Letter to Karl Kautsky, August 24, 1886


ENGELS TO KARL KAUTSKY

IN LONDON

Eastbourne, 24 August 1886
4 Cavendish Place

Dear Kautsky,

I have been completely crushed, smothered, squashed and stultified by your avalanche of letters this morning. I shall have to see how I can manage to answer them. Very many thanks.

Liebknecht has written to say he may set off for London as early as tomorrow, taking the direct route via Flushing—I am expecting more definite word any day; as soon as I know the day he's arriving, I shall come up for the day and bring him back here. I shouldn't buy him an Esel[1] if I were you, he can write perfectly well on board ship without an Esel. Or is he expecting to be seasick all the time? But so far no Esel has been able to cope with seasickness.

Old Becker[2] will be arriving from Geneva on the 12th-13th to stay with me in London.

Mother Schack has announced her intention of coming to London in the middle of September along with the Wischnewetzkys.[3]

If Schorlemmer and the Lafargues turn up as well — postcard arrived 16th August from Schorlemmer in Bellaggio, Lake of Como — it will be pretty hectic.

We shall be staying here until 4 September — a week on Saturday.

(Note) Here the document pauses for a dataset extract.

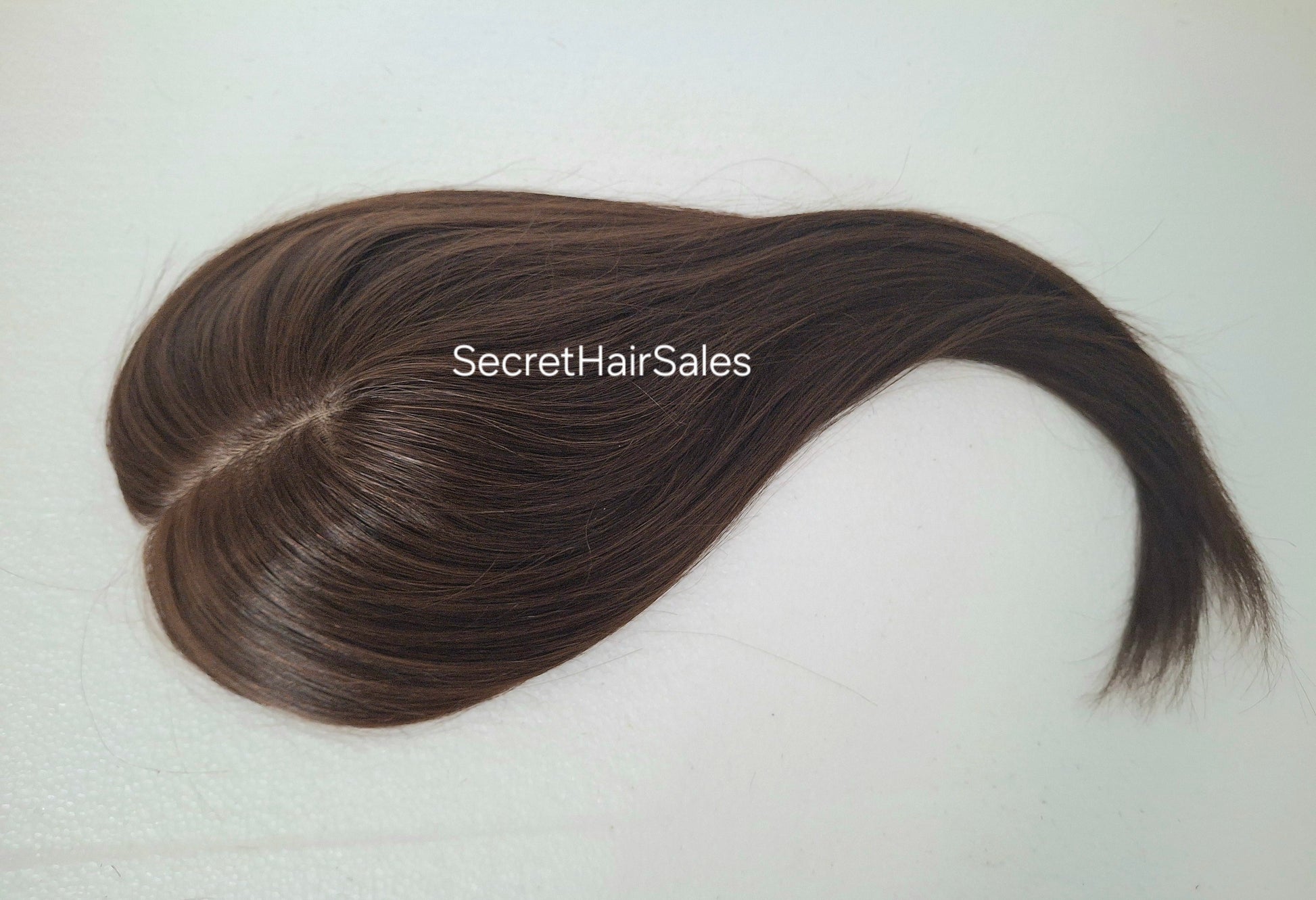 The Bella topper is mid weight (around 100g) and has a breathable silk base. Particularly helpful if you're prone to hot flashes, the hand tied silk allows your scalp to breathe and air to flow through the base.

Nim and the Pumpses send their best wishes to your wife and yourself, as does

Your

F.E.

  1. A fragment of this letter was first published in English in: K. Marx, F. Engels, On Reactionary Prussianism, Foreign Languages Publishing House, Moscow, 1943.
  2. Johann Philipp Becker
  3. On 16 August 1886 Gertrud Guillaume-Schack informed Engels that she intended to come to London in mid-September in the company of the Wischnewetzkys.